This file may have been modified by Bytedance Ltd. and/or its affiliates (“Bytedance's Modifications”).
All Bytedance's Modifications are Copyright (year) Bytedance Ltd. and/or its affiliates. 

Reference:
    https://github.com/mlfoundations/open_clip/blob/main/src/training/data.py
    https://github.com/huggingface/open-muse/blob/main/training/data.py
"""

import math
from typing import List, Union, Text
import webdataset as wds
import torch
from torch.utils.data import default_collate
from torchvision import transforms
from torch.utils.data import Dataset
import linecache
import json


def filter_keys(key_set):
    def _f(dictionary):
        return {k: v for k, v in dictionary.items() if k in key_set}

    return _f


class ImageTransform:
    def __init__(self,
                 resize_shorter_edge: int = 256,
                 crop_size: int = 256,
                 random_crop: bool = True,
                 random_flip: bool = True,
                 normalize_mean: List[float] = [0., 0., 0.],
                 normalize_std: List[float] = [1., 1., 1.]):
        """Initializes the WebDatasetReader with specified augmentation parameters.

        Args:
            resize_shorter_edge: An integer, the shorter edge size to resize the input image to.
            crop_size: An integer, the size to crop the input image to.
            random_crop: A boolean, whether to use random crop augmentation during training.
            random_flip: A boolean, whether to use random flipping augmentation during training.
            normalize_mean: A list of float, the normalization mean used to normalize the image tensor.
            normalize_std: A list of float, the normalization std used to normalize the image tensor.
        
        Raises:
            NotImplementedError: If the interpolation mode is not one of ["bicubic", "bilinear"].
        """
        train_transform = []
        interpolation = transforms.InterpolationMode.BICUBIC

        train_transform.append(
            transforms.Resize(resize_shorter_edge, interpolation=interpolation, antialias=True))
        if random_crop:
            train_transform.append(transforms.RandomCrop(crop_size))
        else:
            train_transform.append(transforms.CenterCrop(crop_size))
        if random_flip:
            train_transform.append(transforms.RandomHorizontalFlip())
        train_transform.append(transforms.ToTensor())
        # normalize_mean = [0, 0, 0] and normalize_std = [1, 1, 1] will normalize images into [0, 1],
        # normalize_mean = [0.5, 0.5, 0.5] and normalize_std = [0.5, 0.5, 0.5] will normalize images into [-1, 1].
        train_transform.append(transforms.Normalize(normalize_mean, normalize_std))

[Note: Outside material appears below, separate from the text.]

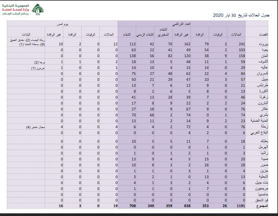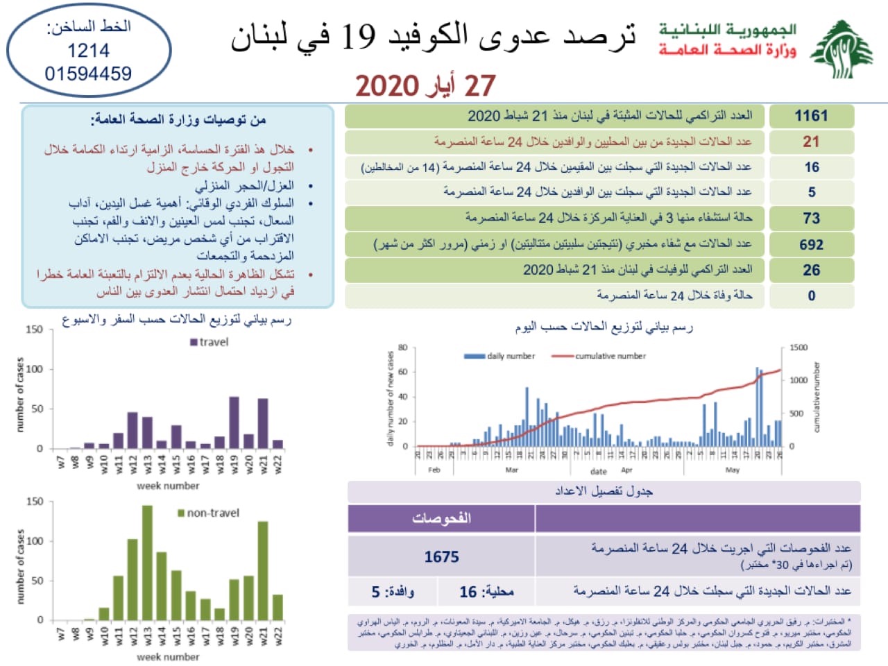 نشرت غرفة العمليات الوطنية لإدارة الكوارث تقريرها اليومي عن فيروس “كورونا”، حيث أشارت إلى وجود 1161 إصابة في لبنان بعد تسجيل 21 إصابات جديدة (16 من المقيمين و5 من الوافدين)، لافتةً إلى شفاء 692 مصابًا ووفاة 26 شخصًا.

        self.train_transform = transforms.Compose(train_transform)
        self.eval_transform = transforms.Compose(
            [
                # Note that we always resize to crop_size during eval to ensure the results
                # can be compared against reference numbers on ImageNet etc.
                transforms.Resize(crop_size, interpolation=interpolation, antialias=True),
                transforms.CenterCrop(crop_size),
                transforms.ToTensor(),
                transforms.Normalize(normalize_mean, normalize_std)
            ]
        )
        print(f"self.train_transform: {self.train_transform}")
        print(f"self.eval_transform: {self.eval_transform}")


class SimpleImageDataset:
    def __init__(
        self,
        train_shards_path: Union[Text, List[Text]],
        eval_shards_path: Union[Text, List[Text]],
        num_train_examples: int,
        per_gpu_batch_size: int,
        global_batch_size: int,
        num_workers_per_gpu: int = 12,
        resize_shorter_edge: int = 256,
        crop_size: int = 256,
        random_crop = True,
        random_flip = True,
        normalize_mean: List[float] = [0., 0., 0.],
        normalize_std: List[float] = [1., 1., 1.],
    ):
        """Initializes the WebDatasetReader class.

        Args:
            train_shards_path: A string or list of string, path to the training data shards in webdataset format.
            eval_shards_path: A string or list of string, path to the evaluation data shards in webdataset format.
            num_train_examples: An integer, total number of training examples.
            per_gpu_batch_size: An integer, number of examples per GPU batch.
            global_batch_size: An integer, total number of examples in a batch across all GPUs.
            num_workers_per_gpu: An integer, number of workers per GPU.
            resize_shorter_edge: An integer, the shorter edge size to resize the input image to.
            crop_size: An integer, the size to crop the input image to.
            random_crop: A boolean, whether to use random crop augmentation during training.
            random_flip: A boolean, whether to use random flipping augmentation during training.
            normalize_mean: A list of float, the normalization mean used to normalize the image tensor.
            normalize_std: A list of float, the normalization std used to normalize the image tensor.
        """
        transform = ImageTransform(
            resize_shorter_edge, crop_size, random_crop, random_flip,
            normalize_mean, normalize_std)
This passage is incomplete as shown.